**Exercise:**
Using the material below, return exactly the lines between the one holding "Ширина изделия - 1220" and the one holding "畑に仕掛けられたネズミ捕り 害獣駆除", inclusive, and no others.

------ Record extracts ------

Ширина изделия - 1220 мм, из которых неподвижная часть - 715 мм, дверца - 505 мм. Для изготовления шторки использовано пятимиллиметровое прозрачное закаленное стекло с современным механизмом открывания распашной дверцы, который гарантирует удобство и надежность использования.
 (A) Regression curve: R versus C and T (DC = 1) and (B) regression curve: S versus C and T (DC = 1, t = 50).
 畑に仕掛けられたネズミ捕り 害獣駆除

------
------ Record extracts ------

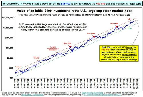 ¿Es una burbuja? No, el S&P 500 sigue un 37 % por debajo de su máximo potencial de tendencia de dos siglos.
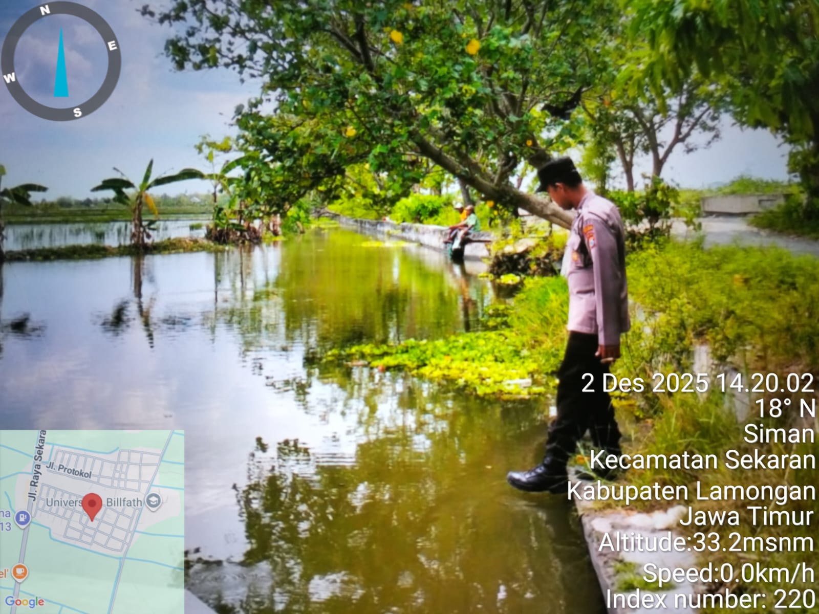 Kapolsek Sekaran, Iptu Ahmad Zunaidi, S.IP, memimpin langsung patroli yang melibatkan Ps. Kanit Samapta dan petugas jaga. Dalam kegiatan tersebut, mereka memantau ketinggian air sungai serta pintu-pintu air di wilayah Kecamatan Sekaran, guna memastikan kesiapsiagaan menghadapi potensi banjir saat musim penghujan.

------
------ Record extracts ------

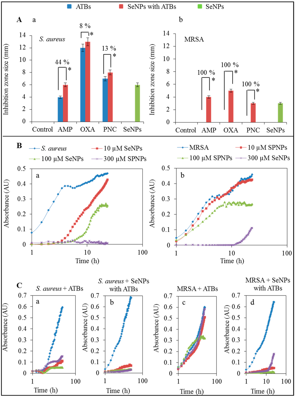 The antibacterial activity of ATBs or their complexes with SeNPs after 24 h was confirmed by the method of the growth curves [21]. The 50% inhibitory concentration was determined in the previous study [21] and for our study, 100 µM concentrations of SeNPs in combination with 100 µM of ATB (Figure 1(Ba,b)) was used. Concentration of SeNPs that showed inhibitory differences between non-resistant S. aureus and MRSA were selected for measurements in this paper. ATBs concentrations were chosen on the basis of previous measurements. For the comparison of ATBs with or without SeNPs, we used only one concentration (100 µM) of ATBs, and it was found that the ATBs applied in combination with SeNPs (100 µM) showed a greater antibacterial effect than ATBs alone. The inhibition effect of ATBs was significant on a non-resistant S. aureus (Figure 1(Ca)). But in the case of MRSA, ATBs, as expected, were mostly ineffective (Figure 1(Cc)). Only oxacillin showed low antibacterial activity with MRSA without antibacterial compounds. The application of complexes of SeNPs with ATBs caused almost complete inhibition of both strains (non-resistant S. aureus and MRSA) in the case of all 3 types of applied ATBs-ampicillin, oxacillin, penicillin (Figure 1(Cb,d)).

------

**Exercise answer:**
Ширина изделия - 1220 мм, из которых неподвижная часть - 715 мм, дверца - 505 мм. Для изготовления шторки использовано пятимиллиметровое прозрачное закаленное стекло с современным механизмом открывания распашной дверцы, который гарантирует удобство и надежность использования.
 (A) Regression curve: R versus C and T (DC = 1) and (B) regression curve: S versus C and T (DC = 1, t = 50).
 畑に仕掛けられたネズミ捕り 害獣駆除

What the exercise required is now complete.